§ Work request:
Your reply should be the whole listing, copied exactly, with the pictures left out.

§ Material shown:

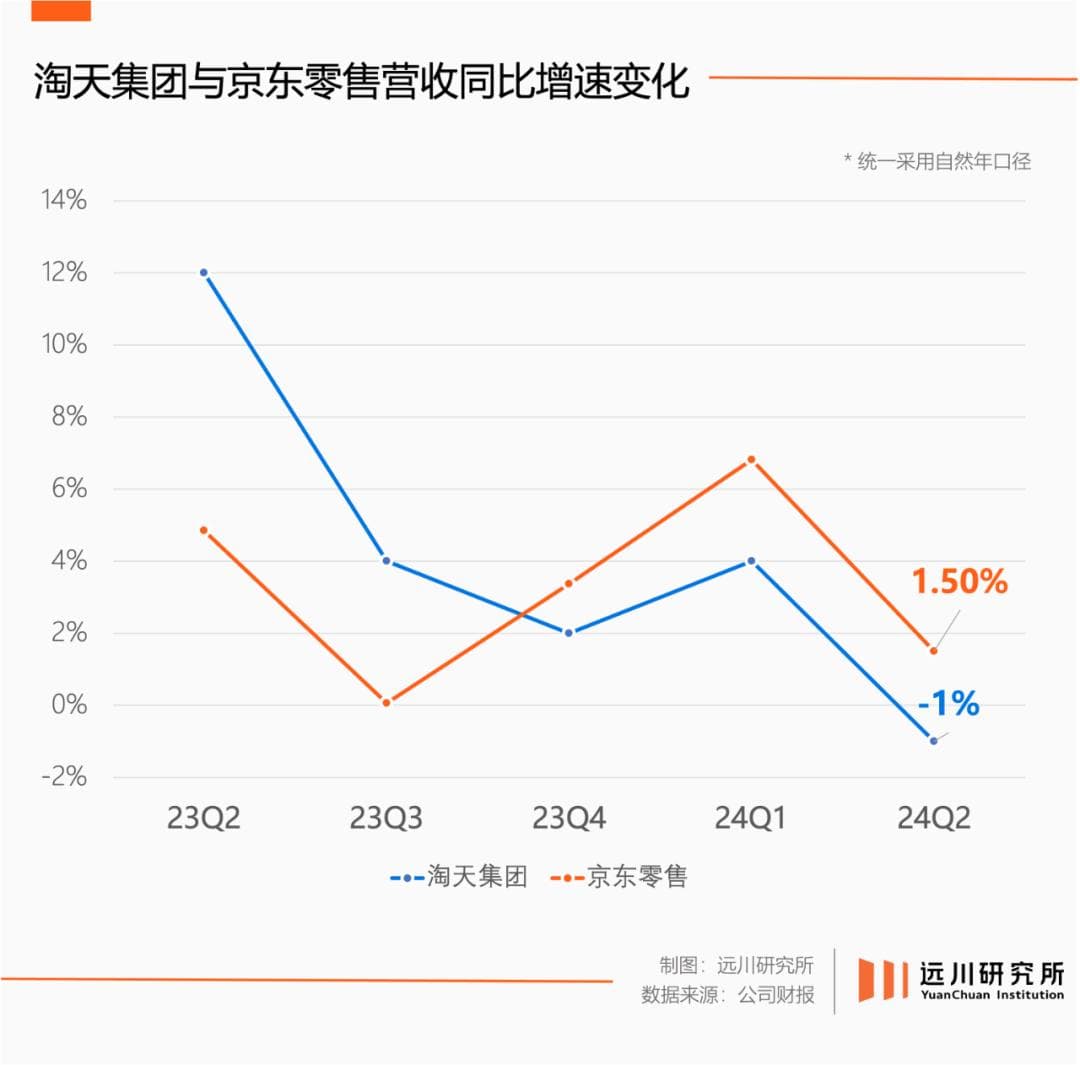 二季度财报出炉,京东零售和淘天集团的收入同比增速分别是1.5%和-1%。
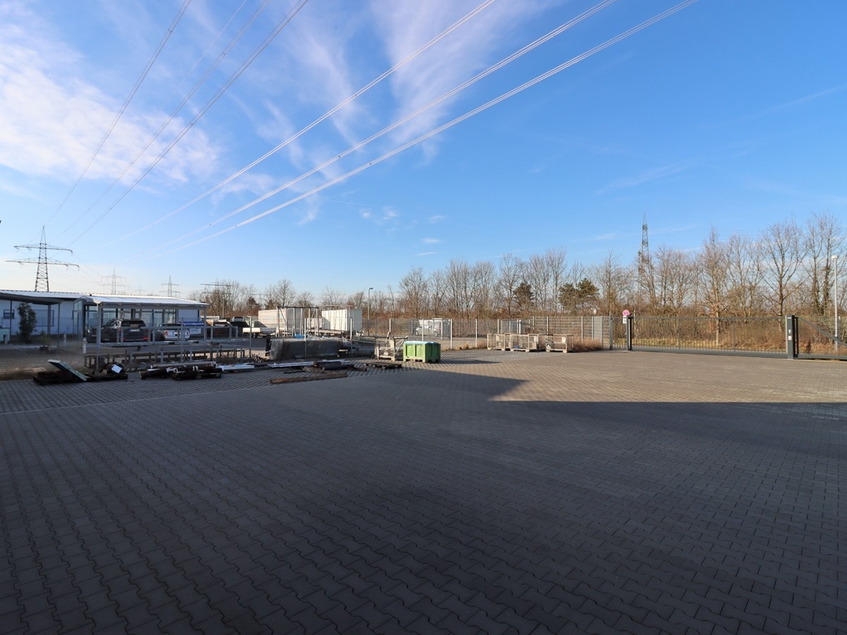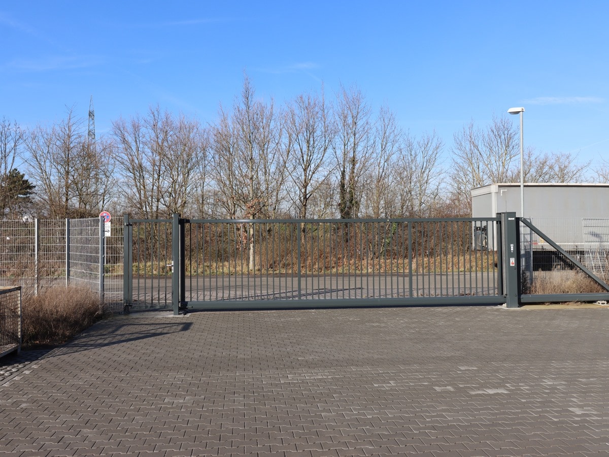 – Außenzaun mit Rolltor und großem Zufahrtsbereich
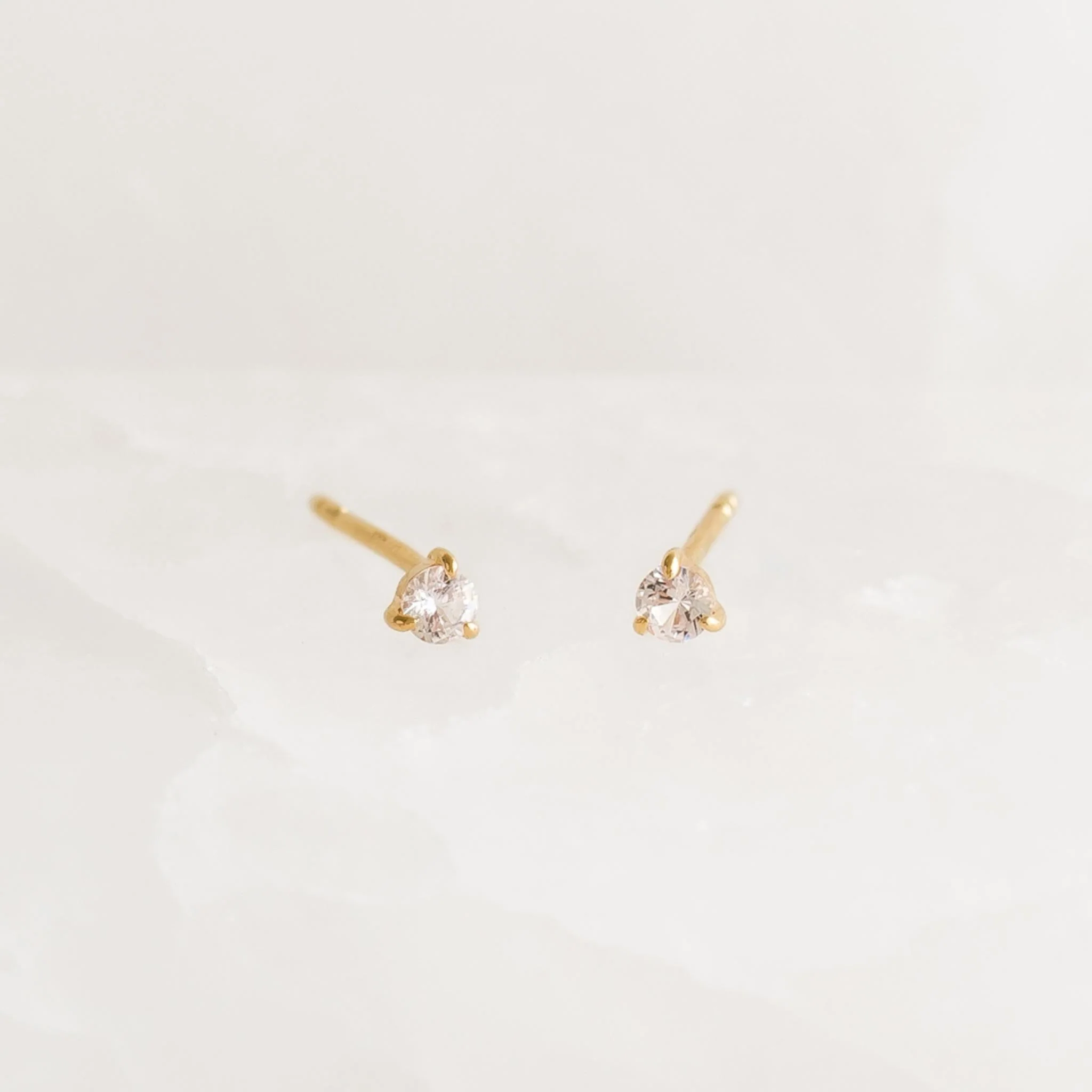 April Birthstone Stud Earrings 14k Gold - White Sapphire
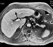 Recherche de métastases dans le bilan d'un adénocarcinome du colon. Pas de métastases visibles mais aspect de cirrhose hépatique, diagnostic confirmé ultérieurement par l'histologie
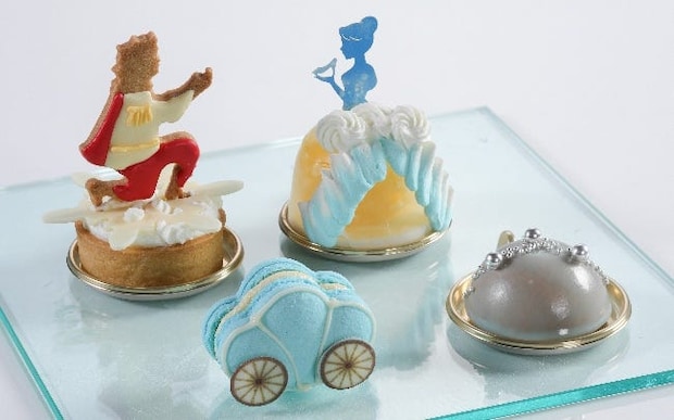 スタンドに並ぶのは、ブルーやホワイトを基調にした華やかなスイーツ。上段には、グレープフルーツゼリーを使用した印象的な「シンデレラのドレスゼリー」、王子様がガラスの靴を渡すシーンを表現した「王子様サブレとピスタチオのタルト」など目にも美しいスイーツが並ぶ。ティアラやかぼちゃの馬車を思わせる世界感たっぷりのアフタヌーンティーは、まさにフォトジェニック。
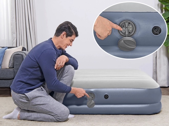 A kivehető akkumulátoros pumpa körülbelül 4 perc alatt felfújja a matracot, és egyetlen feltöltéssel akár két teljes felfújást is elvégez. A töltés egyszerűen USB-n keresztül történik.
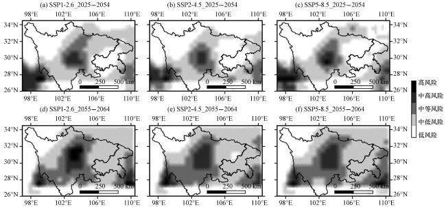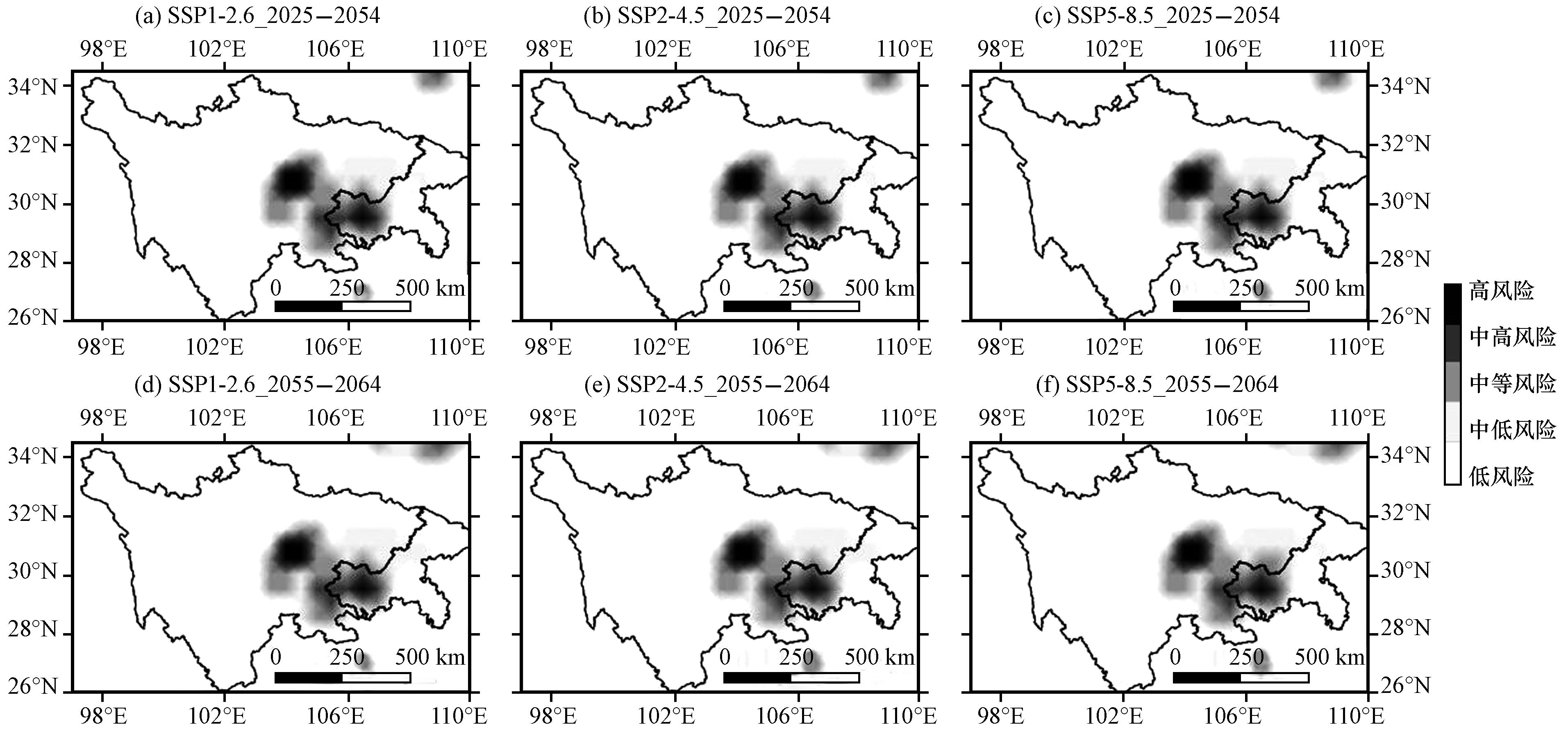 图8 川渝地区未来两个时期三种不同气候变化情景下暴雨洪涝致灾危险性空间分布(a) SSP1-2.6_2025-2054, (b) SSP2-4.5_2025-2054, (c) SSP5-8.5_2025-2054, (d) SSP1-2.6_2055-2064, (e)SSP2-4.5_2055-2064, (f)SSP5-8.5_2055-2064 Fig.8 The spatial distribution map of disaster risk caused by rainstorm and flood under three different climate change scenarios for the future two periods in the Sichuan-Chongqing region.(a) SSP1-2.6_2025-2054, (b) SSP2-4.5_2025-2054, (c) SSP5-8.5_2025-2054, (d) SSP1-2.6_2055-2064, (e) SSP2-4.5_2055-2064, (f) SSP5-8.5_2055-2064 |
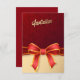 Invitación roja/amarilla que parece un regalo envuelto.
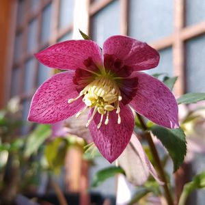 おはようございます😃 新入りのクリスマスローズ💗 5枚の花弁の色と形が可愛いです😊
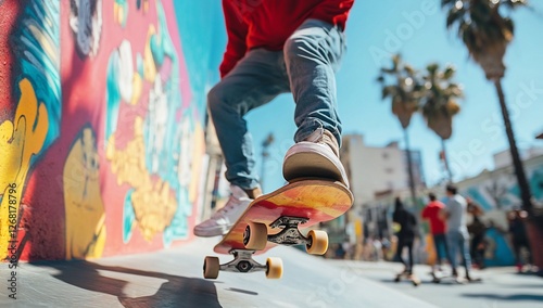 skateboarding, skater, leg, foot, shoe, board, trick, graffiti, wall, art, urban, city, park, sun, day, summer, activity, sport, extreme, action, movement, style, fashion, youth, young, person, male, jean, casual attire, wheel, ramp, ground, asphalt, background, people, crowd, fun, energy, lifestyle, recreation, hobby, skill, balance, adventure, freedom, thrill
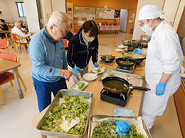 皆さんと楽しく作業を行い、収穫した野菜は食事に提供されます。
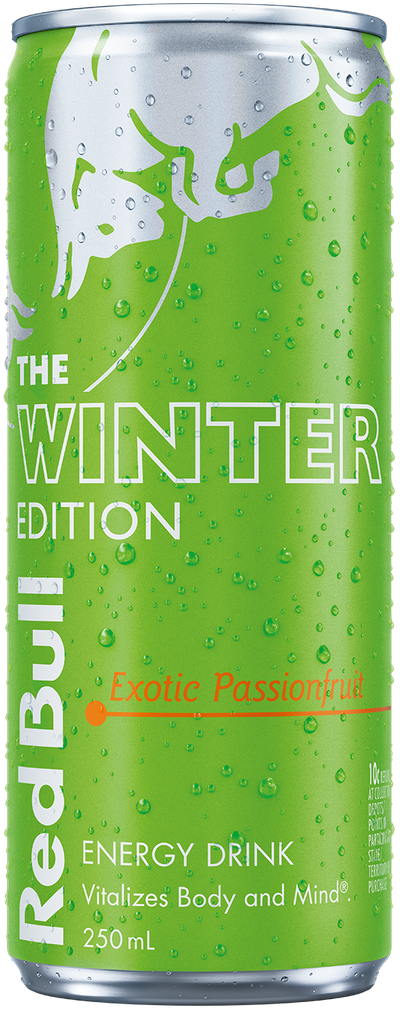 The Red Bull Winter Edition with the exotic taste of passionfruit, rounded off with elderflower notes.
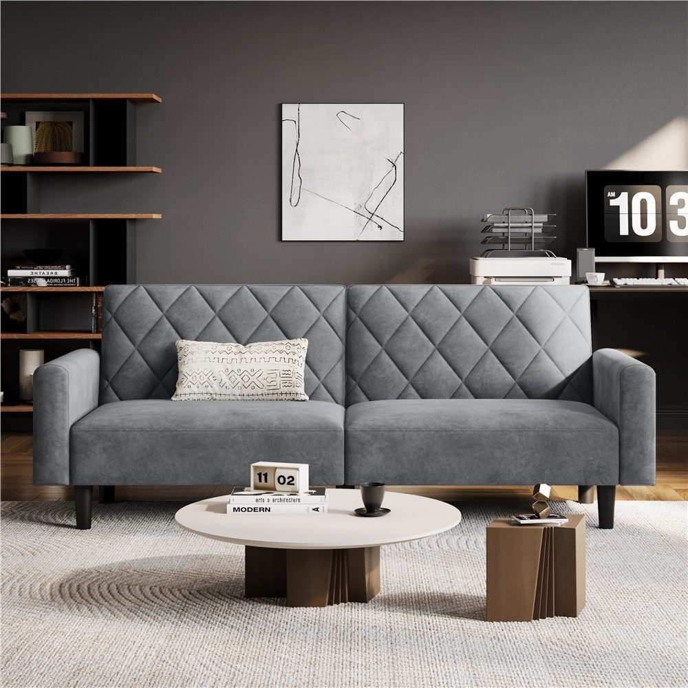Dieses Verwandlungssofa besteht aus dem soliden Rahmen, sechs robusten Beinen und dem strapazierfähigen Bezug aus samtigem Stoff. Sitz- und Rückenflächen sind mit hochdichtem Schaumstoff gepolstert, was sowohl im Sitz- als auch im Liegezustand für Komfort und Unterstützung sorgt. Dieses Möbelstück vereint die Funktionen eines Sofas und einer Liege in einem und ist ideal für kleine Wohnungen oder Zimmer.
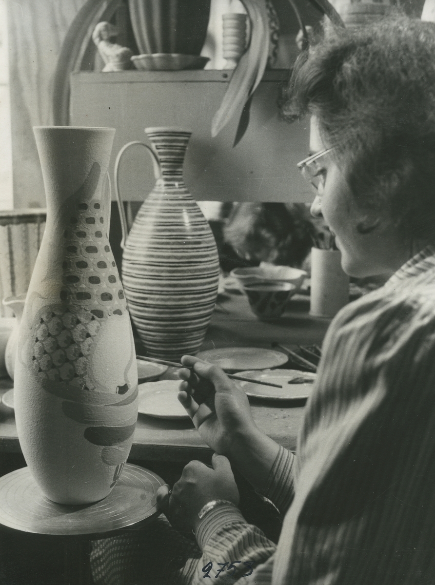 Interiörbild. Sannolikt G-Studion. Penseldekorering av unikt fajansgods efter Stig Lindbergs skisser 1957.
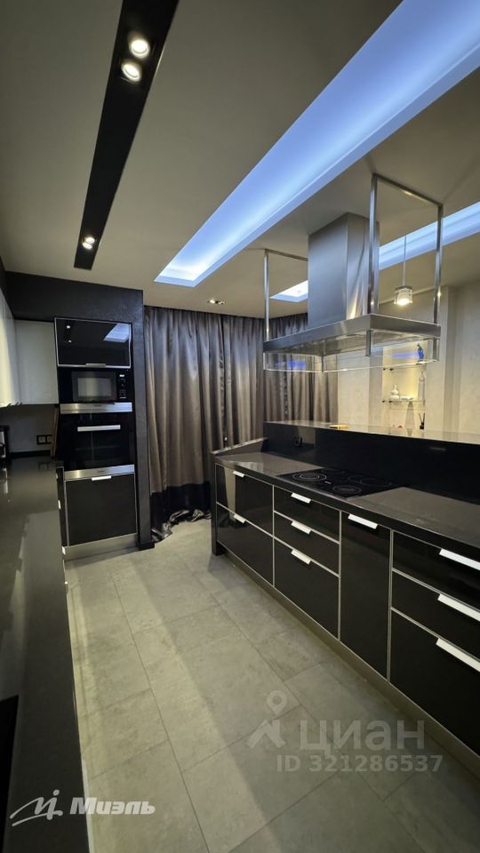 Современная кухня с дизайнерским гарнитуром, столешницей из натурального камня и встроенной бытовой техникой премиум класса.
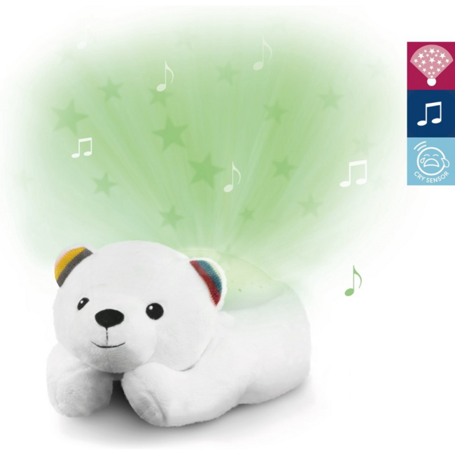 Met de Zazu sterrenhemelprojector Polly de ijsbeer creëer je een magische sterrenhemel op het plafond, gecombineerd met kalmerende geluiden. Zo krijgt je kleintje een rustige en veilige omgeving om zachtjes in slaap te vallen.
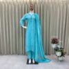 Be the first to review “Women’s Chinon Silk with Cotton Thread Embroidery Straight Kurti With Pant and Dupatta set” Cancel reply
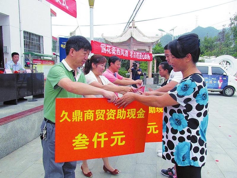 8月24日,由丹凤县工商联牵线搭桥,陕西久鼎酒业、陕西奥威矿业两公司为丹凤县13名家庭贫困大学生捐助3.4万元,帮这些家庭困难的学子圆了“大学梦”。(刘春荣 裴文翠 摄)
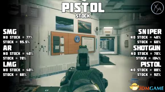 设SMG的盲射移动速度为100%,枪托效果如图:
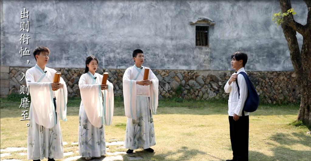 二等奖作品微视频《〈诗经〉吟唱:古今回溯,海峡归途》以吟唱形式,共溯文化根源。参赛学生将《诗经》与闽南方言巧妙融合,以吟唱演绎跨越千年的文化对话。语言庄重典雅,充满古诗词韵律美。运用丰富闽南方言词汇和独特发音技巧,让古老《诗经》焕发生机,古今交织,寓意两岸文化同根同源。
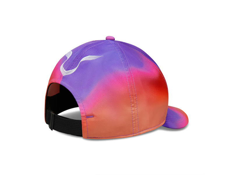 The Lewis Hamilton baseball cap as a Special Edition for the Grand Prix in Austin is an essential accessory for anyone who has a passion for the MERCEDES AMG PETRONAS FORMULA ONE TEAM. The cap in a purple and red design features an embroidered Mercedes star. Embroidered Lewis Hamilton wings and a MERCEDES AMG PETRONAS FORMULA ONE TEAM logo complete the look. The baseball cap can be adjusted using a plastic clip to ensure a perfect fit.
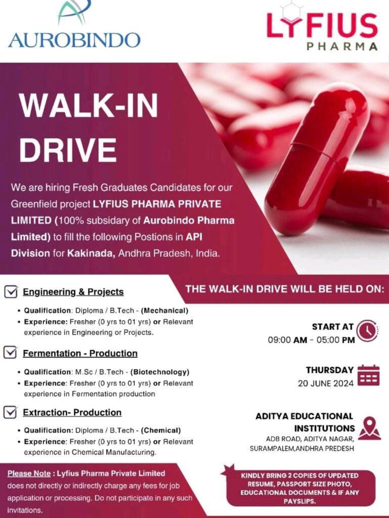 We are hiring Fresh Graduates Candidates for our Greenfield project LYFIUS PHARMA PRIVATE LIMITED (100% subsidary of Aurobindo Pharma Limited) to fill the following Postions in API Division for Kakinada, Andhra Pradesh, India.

§ Finished exercise:
 二季度财报出炉,京东零售和淘天集团的收入同比增速分别是1.5%和-1%。
 – Außenzaun mit Rolltor und großem Zufahrtsbereich
 April Birthstone Stud Earrings 14k Gold - White Sapphire
 Recherche de métastases dans le bilan d'un adénocarcinome du colon. Pas de métastases visibles mais aspect de cirrhose hépatique, diagnostic confirmé ultérieurement par l'histologie
 スタンドに並ぶのは、ブルーやホワイトを基調にした華やかなスイーツ。上段には、グレープフルーツゼリーを使用した印象的な「シンデレラのドレスゼリー」、王子様がガラスの靴を渡すシーンを表現した「王子様サブレとピスタチオのタルト」など目にも美しいスイーツが並ぶ。ティアラやかぼちゃの馬車を思わせる世界感たっぷりのアフタヌーンティーは、まさにフォトジェニック。
 A kivehető akkumulátoros pumpa körülbelül 4 perc alatt felfújja a matracot, és egyetlen feltöltéssel akár két teljes felfújást is elvégez. A töltés egyszerűen USB-n keresztül történik.
 图8 川渝地区未来两个时期三种不同气候变化情景下暴雨洪涝致灾危险性空间分布(a) SSP1-2.6_2025-2054, (b) SSP2-4.5_2025-2054, (c) SSP5-8.5_2025-2054, (d) SSP1-2.6_2055-2064, (e)SSP2-4.5_2055-2064, (f)SSP5-8.5_2055-2064 Fig.8 The spatial distribution map of disaster risk caused by rainstorm and flood under three different climate change scenarios for the future two periods in the Sichuan-Chongqing region.(a) SSP1-2.6_2025-2054, (b) SSP2-4.5_2025-2054, (c) SSP5-8.5_2025-2054, (d) SSP1-2.6_2055-2064, (e) SSP2-4.5_2055-2064, (f) SSP5-8.5_2055-2064 |
 Invitación roja/amarilla que parece un regalo envuelto.
 おはようございます😃 新入りのクリスマスローズ💗 5枚の花弁の色と形が可愛いです😊
 skateboarding, skater, leg, foot, shoe, board, trick, graffiti, wall, art, urban, city, park, sun, day, summer, activity, sport, extreme, action, movement, style, fashion, youth, young, person, male, jean, casual attire, wheel, ramp, ground, asphalt, background, people, crowd, fun, energy, lifestyle, recreation, hobby, skill, balance, adventure, freedom, thrill
 皆さんと楽しく作業を行い、収穫した野菜は食事に提供されます。
 The Red Bull Winter Edition with the exotic taste of passionfruit, rounded off with elderflower notes.
Dieses Verwandlungssofa besteht aus dem soliden Rahmen, sechs robusten Beinen und dem strapazierfähigen Bezug aus samtigem Stoff. Sitz- und Rückenflächen sind mit hochdichtem Schaumstoff gepolstert, was sowohl im Sitz- als auch im Liegezustand für Komfort und Unterstützung sorgt. Dieses Möbelstück vereint die Funktionen eines Sofas und einer Liege in einem und ist ideal für kleine Wohnungen oder Zimmer.
 Interiörbild. Sannolikt G-Studion. Penseldekorering av unikt fajansgods efter Stig Lindbergs skisser 1957.
 Современная кухня с дизайнерским гарнитуром, столешницей из натурального камня и встроенной бытовой техникой премиум класса.
 Met de Zazu sterrenhemelprojector Polly de ijsbeer creëer je een magische sterrenhemel op het plafond, gecombineerd met kalmerende geluiden. Zo krijgt je kleintje een rustige en veilige omgeving om zachtjes in slaap te vallen.
 Be the first to review “Women’s Chinon Silk with Cotton Thread Embroidery Straight Kurti With Pant and Dupatta set” Cancel reply
 8月24日,由丹凤县工商联牵线搭桥,陕西久鼎酒业、陕西奥威矿业两公司为丹凤县13名家庭贫困大学生捐助3.4万元,帮这些家庭困难的学子圆了“大学梦”。(刘春荣 裴文翠 摄)
 设SMG的盲射移动速度为100%,枪托效果如图:
 二等奖作品微视频《〈诗经〉吟唱:古今回溯,海峡归途》以吟唱形式,共溯文化根源。参赛学生将《诗经》与闽南方言巧妙融合,以吟唱演绎跨越千年的文化对话。语言庄重典雅,充满古诗词韵律美。运用丰富闽南方言词汇和独特发音技巧,让古老《诗经》焕发生机,古今交织,寓意两岸文化同根同源。
 The Lewis Hamilton baseball cap as a Special Edition for the Grand Prix in Austin is an essential accessory for anyone who has a passion for the MERCEDES AMG PETRONAS FORMULA ONE TEAM. The cap in a purple and red design features an embroidered Mercedes star. Embroidered Lewis Hamilton wings and a MERCEDES AMG PETRONAS FORMULA ONE TEAM logo complete the look. The baseball cap can be adjusted using a plastic clip to ensure a perfect fit.
 We are hiring Fresh Graduates Candidates for our Greenfield project LYFIUS PHARMA PRIVATE LIMITED (100% subsidary of Aurobindo Pharma Limited) to fill the following Postions in API Division for Kakinada, Andhra Pradesh, India.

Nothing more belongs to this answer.